The "40% of gun sales don't undergo background checks" claim gets even weaker thanks to
this report out of Colorado.
Previously the Washington Post gave President Obama "Three Pinocchios" for making the claim. Colorado used the number to justify a budget increase to pay for what they said would be an increase in background checks after they passed so-called "universal background checks" in 2013:
Gun-control advocates have long asserted that 40 percent of gun sales nationwide are made by private sellers and thus not subject to background checks. President Barack Obama cited the number last year, unsuccessfully urging Congress to pass a law mandating "universal background checks."
But that figure, which Colorado legislative analysts and CBI officials say was the best available for the basis of their estimation calculus, comes from a 1997 National Institute of Justice report that gun-right's activists criticize as inaccurate.

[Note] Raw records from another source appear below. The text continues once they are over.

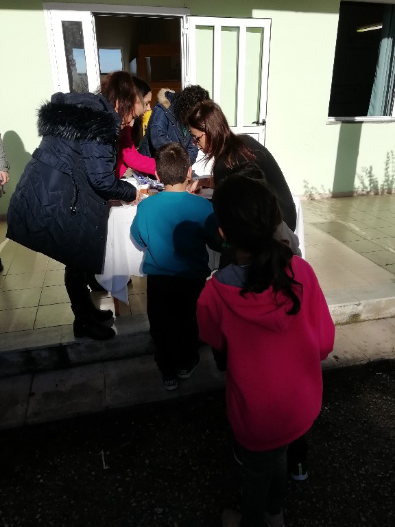 Παράλληλα, πρωτοχρονιάτικη πίτα έκοψε για τα παιδιά του Νηπιαγωγείου και τους εκπαιδευτικούς του Δημοτικού και Νηπιαγωγείου.
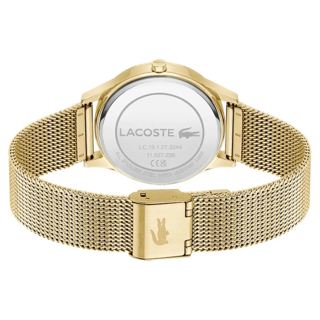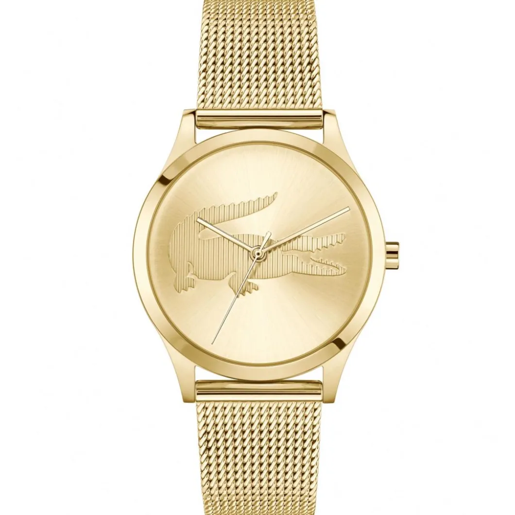 Découvrez la montre femme Lacoste Crocodelle – 2001416. Sublimée par son bracelet milanais en acier doré de grande qualité, cette montre laisse apparaître un boitier rond jaune d’un magnifique éclat. Son diamètre de 36 mm apporte une excellente lisibilité de l’heure. Fonctionnant de manière analogique, elle dispose d’un mouvement quartz précis et fiable. Grâce à son étanchéité à 50 m, elle est idéale pour les activités aquatiques de surface. Dotée du type de fermeture boucle déployante, elle offre un port confortable et sécurisé. Le verre minéral protège efficacement le cadran doré contre les rayures. Cette somptueuse montre donne une touche de raffinement à votre style tout en garantissant une longue durée de vie.
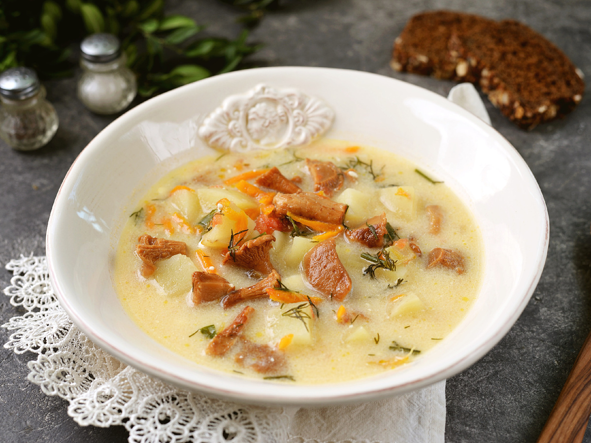 Этот суп порадует всех любителей сытной и ароматной еды. Секрет его густоты и насыщенности заключается в лисичках, которые обжариваются с луком и морковью, чтобы раскрыть все свои вкусовые нюансы. На первом этапе их жарки получаете неповторимый аромат, а плавленый сыр, который добавляется в конце, придаёт кремовую текстуру и легкость.
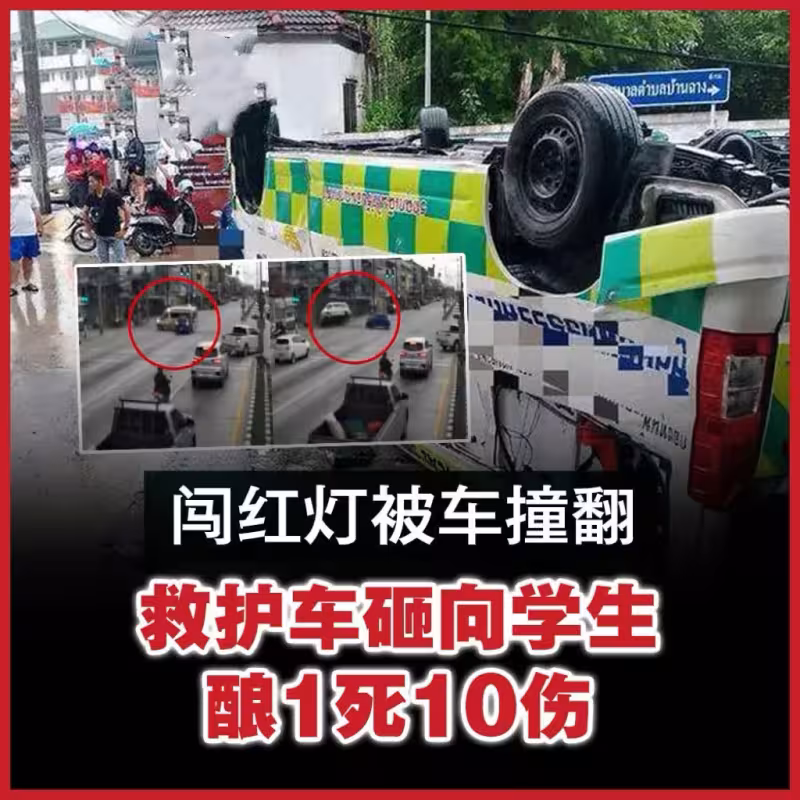 (羅勇23日綜合電)泰國羅勇府班昌縣一輛救護車接載病人時強闖紅燈,遭一輛綠燈直行的轎車來不及煞停攔腰猛撞,救護車頓時失控翻覆,砸向騎著摩托車正在等候紅燈的學生群,造成一名女學生身亡,至少10名學生和家長受傷。
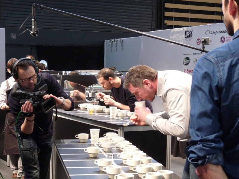 Les concurrents prennent une cuillère de café dans une tasse, la goute, la crache et passe à la tasse suivant. Sur le moment j’ai bien compris qu’il s’agissait de trouver quelque chose, mais je n’aurais pas pensé que ça se faisait sur du café (j’en été resté au classique « blind test » sur le vin… Qu’est ce que je peux être has been parfois !)

Catherine Mortensen, a spokeswoman for the National Rifle Association, said that using the 40 percent figure as a basis for Colorado's projection "calls into question lawmakers' access to accurate information on not only this, but all firearms-related legislation."
That 1997 NIJ report was based on data collected from a survey in 1994, the same year that the Brady Act requirements for background checks came into effect. The questions concerned purchases dating as far back as 1991 which was before the Brady Act became law. This means that some, if not many, of the firearm sales included in that study were bought in a pre-Brady environment. But of course, the gun banners retreat to their time worn "if we only stop one person..."
"The bottom line," he said, "is even if one, or five, or 10, or 10,000 or 20,000 people are being blocked, that's less dangerous people walking around with guns."
Never mind that most criminals are going to buy their firearms legally to start with.